Hey Parabola experts,

I hope someone can help me. I have a table with two columns that you will notice duplicate text between both columns, as you can see in the screenshot below and highlight in red:

Based on this scenario, I want to create a new column removing the duplicate text like the screenshot below

Screenshot 2021-08-25 at 09.08.52

Does anyone have any ideas on how to achieve this?

Hi Mateus,

Good question! The flow pictured below uses some of your example data to remove duplicate text between two columns:

Here’s a brief overview on how to set this up:

  1. Use an Insert row numbers step after pulling in your data. This will help combine your newly formatted data with your original dataset for reference.
  2. Use a Split columns step to create a new row for each word in a cell. Split the words using a space and dash delimiter.
  3. Use a Find overlap step to remove words in your accounts title (2) column that also exist in your accounts title column.
  4. Use a Merge duplicate rows step to merge the values in your newly de-duplicated column using a dash delimiter
  5. Use a Combine tables step to join your data back together.
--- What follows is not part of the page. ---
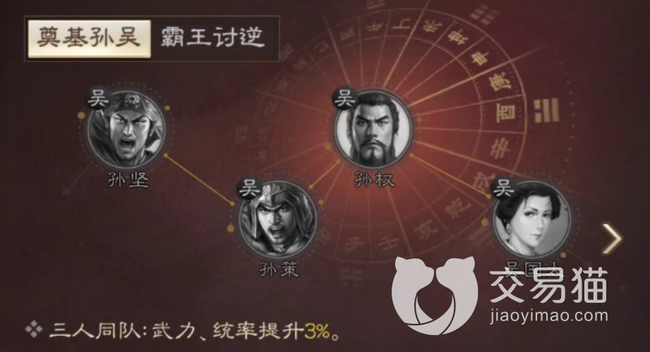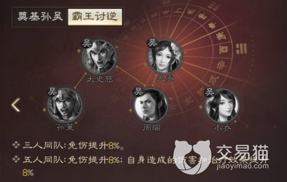 在游戏中孙策一共有2中不同队伍属性加成,比如“霸王讨逆”队伍中有孙策、太史慈、周瑜、小乔、大乔,当这些武将同属于一个队伍中的时候三人可以提升8%的免伤能力,如果是5人的话还会将造成的伤害8%转化成为治疗效果。而奠基孙吴队伍则三人同队的话只能增加3%的武力和统率能力。

Copy and paste the snippet below to duplicate the steps in this flow:
parabola:cb:992b9b4d1b374bde9ab4b5bd8318be2a

Let me know if that helps!

Thanks, Daniel!

It makes a lot of sense your flow, however, it didn’t work 100%

I copy the flow created but I don’t know why at the end it doesn’t show the information for all rows.

Do you have any idea why it’s not working properly?

Below you will find a link for the data I’m using and a short video showing the steps used.

Data link: Test 76 - Google Drive

video: Vidyard Recording?

Thanks,
Bruno

Hi @Mateus_Coelho,

Can you try removing the Find Overlap in that snippet and replace it with a new one? Then, plug in the top Split columns step first and the bottom Split columns step back into the Find overlap step.

Additionally, it looks like some of your column values have triple dashes --- and special characters with accents. Use a Find and replace step to replace all triple dashes --- with a single dash - and all special characters with a standard vowel.

Let me now if that helps!

Thanks @daniel!

I had to do a massive data clean-up but the workflow worked in the end.

1 Like